A team led by researchers from the Cleveland Clinic’s Neurological Institute reports that a promising drug slowed brain shrinkage in progressive multiple sclerosis (MS) by nearly half. Limited therapies are currently available for this disabling form of the disease, according to the scientists.
The definitive results of the Phase II trial (“Phase 2 Trial of Ibudilast in Progressive Multiple Sclerosis”), published in the New England Journal of Medicine, showed that the drug ibudilast decreased progression of brain atrophy in progressive MS patients by 48% versus placebo. The two-year SPRINT-MS study was conducted at 28 sites with 255 patients.
“These findings are significant for patients with progressive MS,” says Robert Fox, M.D., the study’s principal investigator and vice-chair for research at the Cleveland Clinic’s Neurological Institute. “Our hope is that the benefit of ibudilast in slowing brain shrinkage will also translate to decreased progression of associated physical disabilities in a future Phase III trial.”
Progressive MS is associated with gradual worsening of symptoms and increasing disability. It commonly follows relapsing-remitting MS, for which there are more than a dozen approved treatments. However, none of these therapies has consistently demonstrated efficacy in slowing disability progression in patients with progressive MS, particularly those without evidence for active inflammation.
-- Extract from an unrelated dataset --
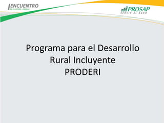 El Programa para el Desarrollo Rural Incluyente (PRODERI) tiene como objetivo incrementar la calidad de vida y los ingresos de 254 mil productores y pobladores rurales pobres en toda Argentina, priorizando la región NOA. PRODERI implementará planes de negocio a través de alianzas con organizaciones locales y proveerá fondos no reembolsables y capital de trabajo para mejoras productivas, acceso a mercados, apoyo a comunidades indígenas, y oportunidades para jóvenes, mujeres y trabajadores rurales.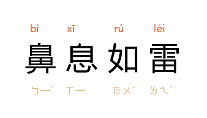 鼻息:鼾声。打呼噜的声音就象打雷一样响。形容熟睡时鼾声大作。

Ibudilast, an oral drug with activity on several biologic pathways with potential relevance to progressive MS, was approved in Japan in 1989 for use in asthma and stroke. It is also being studied in the U.S. for potential treatment of amyotrophic lateral sclerosis (ALS) and drug addiction.
Additionally, the SPRINT-MS study demonstrated the utility of advanced imaging in clinical trials to measure the impact of therapies on brain health. The potential application of imaging-based outcome measures may extend beyond progressive MS to other neurodegenerative disorders as well.
“There is a significant need for new treatment options to effectively delay disability progression for patients with progressive MS,” says Dr. Fox. “We are hopeful these findings will help us develop more therapies for progressive MS, and do so more rapidly and efficiently.”
“Although a larger study is needed to confirm these findings, this promising study brings people with progressive MS, who currently do not have many treatment options, one step closer to a potential therapy,” says Robin Conwit, M.D., program director at the National Institute of Neurological Disorders and Stroke (NINDS), part of the National Institutes of Health.
“These results are a promising step toward a potential new therapy for people living with progressive forms of MS, for whom there are few treatment options,” says Bruce Bebo, Ph.D., executive vice president, research, National MS Society. “It is gratifying to see our investments in progressive MS starting to pay off.”